Before developing a new speech dialog system (SDS) in a new domain, developers have to examine how users would interact with such a system. A previous Internet user study revealed that the human-machine speech interaction styles vary depending on the type of Internet activity [5]. The subjects were presented graphically depicted Internet tasks which had to be solved orally. The tasks were categorized according to Kellar’s Web information task classification [7]:

  • Information Seeking: e.g., fact finding

  • Information Exchange:

    • Transactions: e.g., hotel booking

    • Communications: e.g., sending a Facebook message

The analysis of the speech data revealed that a natural communication style occurred most frequently in information seeking tasks. As for information exchange tasks subjects used natural communication and command-based speaking style equally. This result is valid for transaction and communication tasks. Because of the equal frequency of occurrence we have to examine which speech dialog strategy is the most suitable for performing information exchange tasks before starting to develop a SDS.

This paper reports from work in progress in which different in-car SDS are compared. The SDS are based on different speech dialog strategies, a command-based and a conversational dialog, which will be evaluated on usability and distraction. The systems have been developed for German users and allow for performing an Internet activity for information exchange (using the example of a hotel booking service) by speech. As common in in-car SDS the speech interaction is supported by a graphical user interface (GUI). Different GUIs are designed in order to support the respective dialog strategy and to raise the level of naturalness. This research is conducted within the scope of the EU FP7 funding project GetHomeSafe.Footnote 1

The following paper is structured as follows: Sect. 2.2 gives an overview on previous studies on this research topic. In Sect. 2.3 the functionality of the hotel booking service is explained.

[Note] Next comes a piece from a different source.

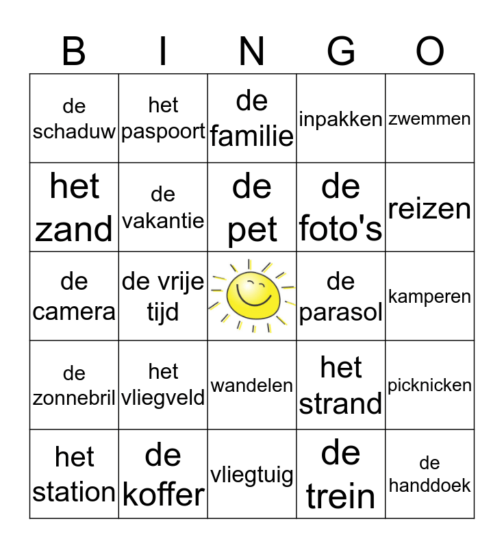 This bingo card has a free space and 24 words: het vliegveld, de koffer, de pet, het station, zwemmen, de schaduw, het zand, het paspoort, de parasol, wandelen, de foto's, de camera, het strand, picknicken, de vakantie, de trein, kamperen, de familie, reizen, de vrije tijd, de handdoek, de zonnebril, inpakken and vliegtuig.

Section 2.4 presents the different human-machine interaction (HMI) concepts which are developed within this research work. Here, the different speech dialog strategies and the different GUI concepts are explained. Section 2.5 describes the planned experiments to be conducted in the near future in order to evaluate the different HMI concepts and, finally, conclusions are drawn.

2 Related Work

First studies on the evaluation of dialog strategies have been conducted by Devillers et al. [2] who compare two SDS allowing the user for retrieving touristic information. One dialog strategy guides the user via system suggestions, the other does not. The evaluated dialog strategies comprise the fundamental ideas our command-based and conversational dialog strategy consist of (which are explained in detail in Sect. 2.4). By applying qualitative and quantitative criteria, they conclude that user guidance is suitable for novices and appreciated by all kind of users. However, there was no GUI involved and the speech interaction was performed as primary task. Considering the driving use case other results may be achieved since the primary task is driving.

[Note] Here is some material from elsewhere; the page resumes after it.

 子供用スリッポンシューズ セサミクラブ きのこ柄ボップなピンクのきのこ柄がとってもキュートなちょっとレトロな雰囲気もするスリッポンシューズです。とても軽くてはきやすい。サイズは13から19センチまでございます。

In the TALK project [10] a command-based speech dialog has been compared to a conversational dialog in the automotive environment. Here, the primary task was driving and as secondary task the driver had to control the in-car mp3-player by speech. The same GUI was used for both dialog strategies. In the field test the subjects had to use the different SDS while driving. Although the conversational dialog was more efficient, the command-based dialog was more appreciated by the subjects. According to Mutschler et al. the high error rate of the conversational strategy was the reason for the higher acceptance of the command-based dialog. The driving performance has been measured with the help of different driving data (e.g., lane keeping). There were no significant differences revealed in the driving performance when using the different SDS.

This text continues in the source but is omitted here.